Authors Gurunathan S, Han JW, Park JH, Eppakayala V, Kim JH

Received 25 August 2013

Accepted for publication 11 November 2013

Published 7 January 2014 Volume 2014:9(1) Pages 363—377

DOI https://doi.org/10.2147/IJN.S53538

Checked for plagiarism Yes

Review by Single-blind

Peer reviewer comments 3

Sangiliyandi Gurunathan, Jae Woong Han, Jung Hyun Park, Vasuki Eppakayala, Jin-Hoi Kim

Department of Animal Biotechnology, Konkuk University, Seoul, South Korea

Background: Graphene is a novel two-dimensional planar nanocomposite material consisting of rings of carbon atoms with a hexagonal lattice structure. Graphene exhibits unique physical, chemical, mechanical, electrical, elasticity, and cytocompatible properties that lead to many potential biomedical applications. Nevertheless, the water-insoluble property of graphene restricts its application in various aspects of biomedical fields. Therefore, the objective of this work was to find a novel biological approach for an efficient method to synthesize water-soluble and cytocompatible graphene using Ginkgo biloba extract (GbE) as a reducing and stabilizing agent. In addition, we investigated the biocompatibility effects of graphene in MDA-MB-231 human breast cancer cells.
Materials and methods: Synthesized graphene oxide (GO) and GbE-reduced GO (Gb-rGO) were characterized using various sequences of techniques: ultraviolet-visible (UV-vis) spectroscopy, Fourier-transform infrared spectroscopy (FTIR), dynamic light scattering (DLS), scanning electron microscopy (SEM), atomic force microscopy (AFM), and Raman spectroscopy.

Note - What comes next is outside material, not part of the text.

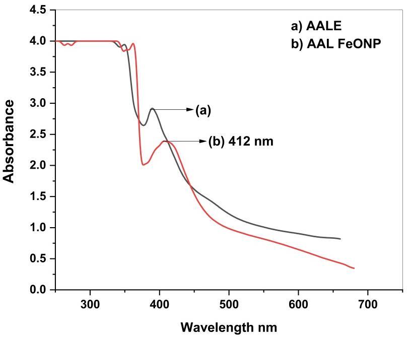 As can be seen from Figure 2, the absorption peaks for Albizia amara leaf extracts are around 370 to 390 nm, which correspondstotheexistenceofseveralnaturalcompoundsintheextracts[9].Thesepeaksarevanishedafterreactingwithan iron salt, indicating that the extract compounds acted as reducing and capping agents to synthesize the iron oxide nanoparticles.Furthermore,andinaccordancewiththeresultsofthepresentstudy,thesurfaceplasmonbandforironoxide nanoparticlesatwavelengthsof412nmindicatetheformationofironoxidenanoparticleswerereportedbypreviousstudies (Figure2)[10].

Biocompatibility of GO and Gb-rGO was assessed in human breast cancer cells using a series of assays, including cell viability, apoptosis, and alkaline phosphatase (ALP) activity.
Results: The successful synthesis of graphene was confirmed by UV-vis spectroscopy and FTIR. DLS analysis was performed to determine the average size of GO and Gb-rGO. X-ray diffraction studies confirmed the crystalline nature of graphene. SEM was used to investigate the surface morphologies of GO and Gb-rGO. AFM was employed to investigate the morphologies of prepared graphene and the height profile of GO and Gb-rGO. The formation of defects in Gb-rGO was confirmed by Raman spectroscopy. The biocompatibility of the prepared GO and Gb-rGO was investigated using a water-soluble tetrazolium 8 assay on human breast cancer cells. GO exhibited a dose-dependent toxicity, whereas Gb-rGO-treated cells showed significant biocompatibility and increased ALP activity compared to GO.
Conclusion: In this work, a nontoxic natural reducing agent of GbE was used to prepare soluble graphene. The as-prepared Gb-rGO showed significant biocompatibility with human cancer cells. This simple, cost-effective, and green procedure offers an alternative route for large-scale production of rGO, and could be used for various biomedical applications, such as tissue engineering, drug delivery, biosensing, and molecular imaging.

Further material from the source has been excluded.